** Provided data follows **
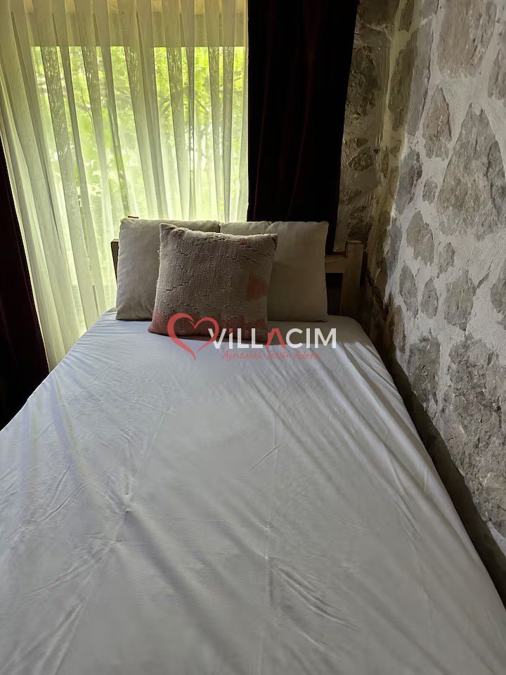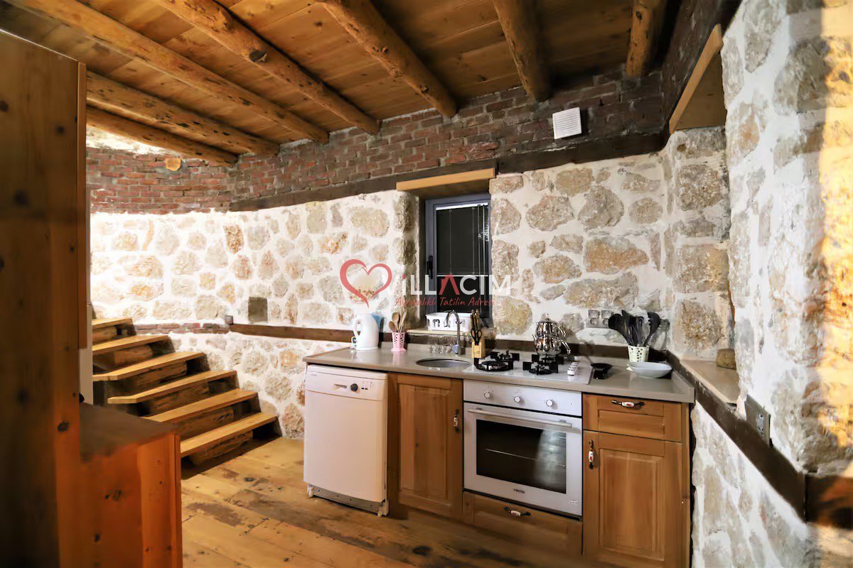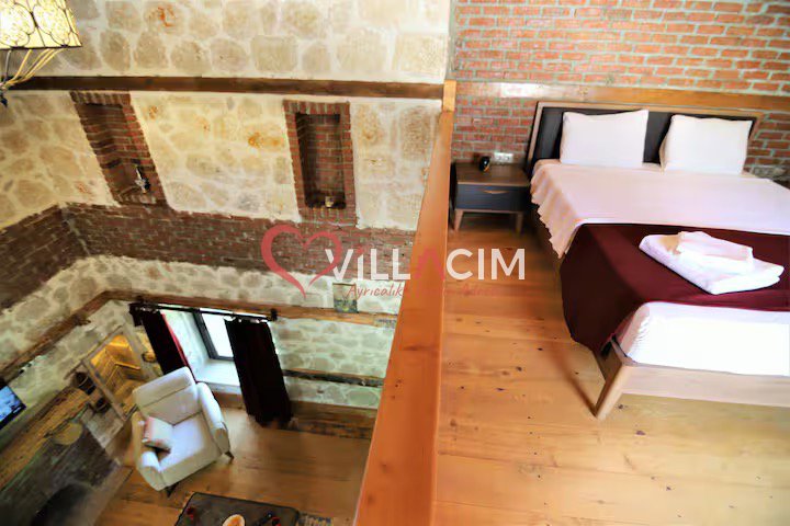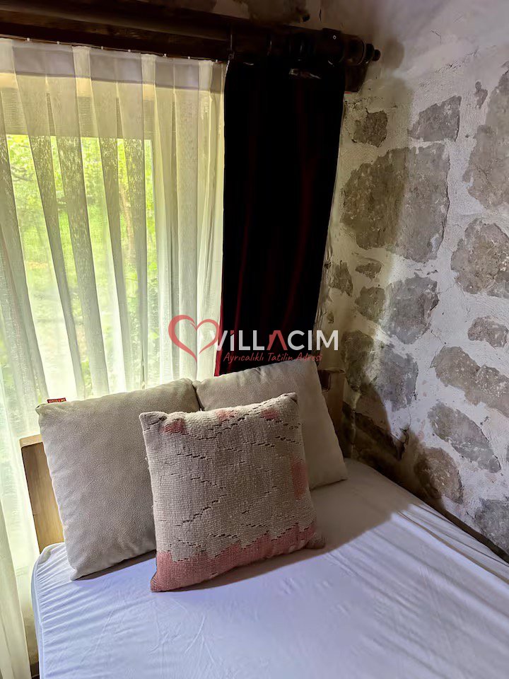 Dikkat: Bu apartımızda havuz bulunmamaktadır. Ancak jakuzili teras ve doğal serinlik sağlayan taş mimarisi ile konforlu bir tatil deneyimi sunulmaktadır.
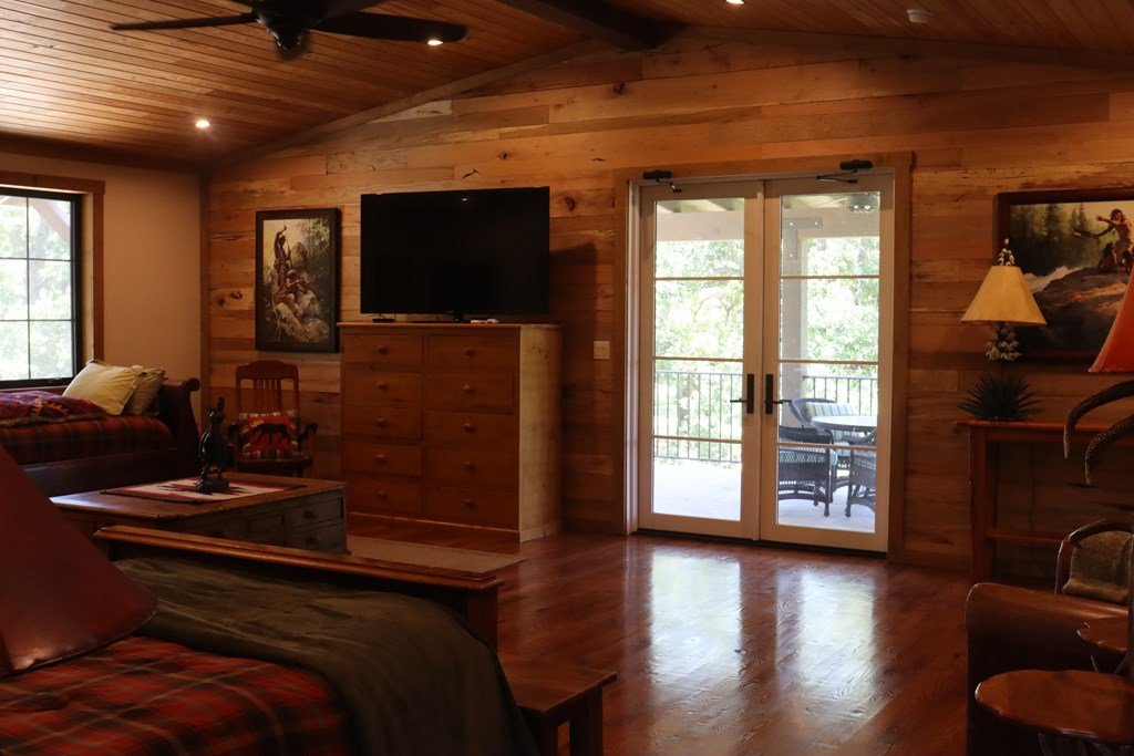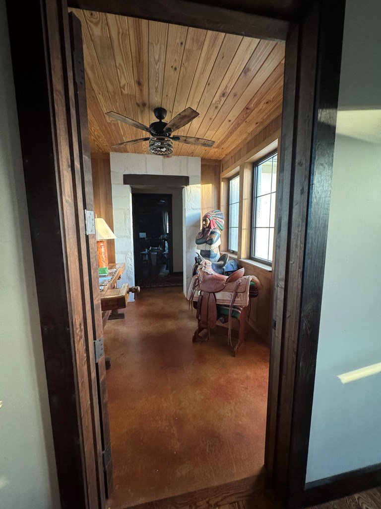 Welcome to 772 Luckenbach Road, Fredericksburg, Texas, Exceptional Hill Country Estate on 22 Pristine Acres. Discover this stunning German Schmeer stone home situated on 22 acres of prime Texas Hill Country land, complete with Ag exemption, two wells, high fencing with cross fencing, mature trees, and ideal setup for livestock or exotic animals. Property Overview, 4 bedrooms, 4 bathrooms, over 4855 square feet of living space, 22 acres with transferable agricultural exemption, German stone construction, outdoor living at its finest. The oversized porches 2448 sq.ft. creates an extremely inviting entrance—perfect for enjoying spectacular sunsets, wildlife watching, or entertaining guests. Relax by the gas fireplace with convenient TV hookups while taking in the serene Hill Country views. Interior Features-Main Living Areas Step inside to discover a home filled with natural light, complemented by exceptional chandeliers and recessed lighting throughout. The impressive main living area spans 31'6" x 27' and showcases a dramatic 15-foot floor-to-ceiling stone gas fireplace alongside beautiful hardwood floors. The dining area is conveniently positioned off the kitchen, offering picturesque views of the front yard and rolling green pastures. Gourmet Kitchen, a chef's dream featuring: farmhouse sink, granite countertops, Thermador appliances, (2) Refrigerators, (2) dishwasher, (2) wine coolers, dual fuel 6-burner gas stove with griddle, steamer, and warming drawer, abundant storage throughout. Luxurious Primary Suite-The spacious primary bedroom (16' x 15') features its own private gas fireplace and extraordinary closet space, including a 315 sq ft oversized walk-in closet and an additional 10' x 7' cedar-lined closet. All closets throughout the home feature premium cedar lining. The primary bathroom offers a spa-like experience with a jetted tub overlooking the backyard, marble finishes, glass walk-in shower, double sinks, and extensive storage. Additional Bedrooms & Flexible Spaces, Guest Suite: 760 sq ft upstairs retreat with kitchenette with refrigerator, full bath, and private access to a 375 sq ft second-floor veranda overlooking the backyard—perfect for guests or as a game room, craft room, or media room, third Bedroom: Downstairs with full bath, conveniently located near the laundry room, fourth Bedroom/Office: Currently functioning as an office with full bath access Outdoor Entertainment & Amenities. The private back patio features ceiling fans and TV hookup, leading to a tree-covered backyard with premium amenities including: Swim spa, outdoor shower, fire pit, mature tree coverage for natural shade. Storage & Outbuildings-This property offers exceptional storage solutions:23-foot deep, 3-car attached garage, 40' x 34' insulated barn with AC, full bath, covered porch, attached 40' x 24' tractor barn. Premium Features & Upgrades-Two propane tanks, 26' x 22' sport court, water softeners in both house, foam insulation in main home, thick rock wall construction, dual gates for animal protection, beautifully lit entry drive lined with 27 trees, pre-designed space for future elevator installation. Topography- this property offers lots of trees and the front pasture of approx. 10 to 12 acres is fertilized and weeded Hay for round baling, 2024 produced 106 round bales in two cuttings. Prime Location-Perfectly positioned along the renowned 290 wine trail, this extraordinary property offers easy access to both Stonewall and Fredericksburg while maintaining complete privacy and tranquility. There is nothing else that compares to this extraordinary home on the market. See Virtual Tour
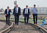 Начальник ГУП "Московский метрополитен" Дмитрий Пегов (второй слева) во время посещения электродепо "Печатники".
** End of Provided data **
**Problem**: The full text of the data above, exact and without pictures, is what to return.

**Response to the exercise**:
 Dikkat: Bu apartımızda havuz bulunmamaktadır. Ancak jakuzili teras ve doğal serinlik sağlayan taş mimarisi ile konforlu bir tatil deneyimi sunulmaktadır.
 Welcome to 772 Luckenbach Road, Fredericksburg, Texas, Exceptional Hill Country Estate on 22 Pristine Acres. Discover this stunning German Schmeer stone home situated on 22 acres of prime Texas Hill Country land, complete with Ag exemption, two wells, high fencing with cross fencing, mature trees, and ideal setup for livestock or exotic animals. Property Overview, 4 bedrooms, 4 bathrooms, over 4855 square feet of living space, 22 acres with transferable agricultural exemption, German stone construction, outdoor living at its finest. The oversized porches 2448 sq.ft. creates an extremely inviting entrance—perfect for enjoying spectacular sunsets, wildlife watching, or entertaining guests. Relax by the gas fireplace with convenient TV hookups while taking in the serene Hill Country views. Interior Features-Main Living Areas Step inside to discover a home filled with natural light, complemented by exceptional chandeliers and recessed lighting throughout. The impressive main living area spans 31'6" x 27' and showcases a dramatic 15-foot floor-to-ceiling stone gas fireplace alongside beautiful hardwood floors. The dining area is conveniently positioned off the kitchen, offering picturesque views of the front yard and rolling green pastures. Gourmet Kitchen, a chef's dream featuring: farmhouse sink, granite countertops, Thermador appliances, (2) Refrigerators, (2) dishwasher, (2) wine coolers, dual fuel 6-burner gas stove with griddle, steamer, and warming drawer, abundant storage throughout. Luxurious Primary Suite-The spacious primary bedroom (16' x 15') features its own private gas fireplace and extraordinary closet space, including a 315 sq ft oversized walk-in closet and an additional 10' x 7' cedar-lined closet. All closets throughout the home feature premium cedar lining. The primary bathroom offers a spa-like experience with a jetted tub overlooking the backyard, marble finishes, glass walk-in shower, double sinks, and extensive storage. Additional Bedrooms & Flexible Spaces, Guest Suite: 760 sq ft upstairs retreat with kitchenette with refrigerator, full bath, and private access to a 375 sq ft second-floor veranda overlooking the backyard—perfect for guests or as a game room, craft room, or media room, third Bedroom: Downstairs with full bath, conveniently located near the laundry room, fourth Bedroom/Office: Currently functioning as an office with full bath access Outdoor Entertainment & Amenities. The private back patio features ceiling fans and TV hookup, leading to a tree-covered backyard with premium amenities including: Swim spa, outdoor shower, fire pit, mature tree coverage for natural shade. Storage & Outbuildings-This property offers exceptional storage solutions:23-foot deep, 3-car attached garage, 40' x 34' insulated barn with AC, full bath, covered porch, attached 40' x 24' tractor barn. Premium Features & Upgrades-Two propane tanks, 26' x 22' sport court, water softeners in both house, foam insulation in main home, thick rock wall construction, dual gates for animal protection, beautifully lit entry drive lined with 27 trees, pre-designed space for future elevator installation. Topography- this property offers lots of trees and the front pasture of approx. 10 to 12 acres is fertilized and weeded Hay for round baling, 2024 produced 106 round bales in two cuttings. Prime Location-Perfectly positioned along the renowned 290 wine trail, this extraordinary property offers easy access to both Stonewall and Fredericksburg while maintaining complete privacy and tranquility. There is nothing else that compares to this extraordinary home on the market. See Virtual Tour
 Начальник ГУП "Московский метрополитен" Дмитрий Пегов (второй слева) во время посещения электродепо "Печатники".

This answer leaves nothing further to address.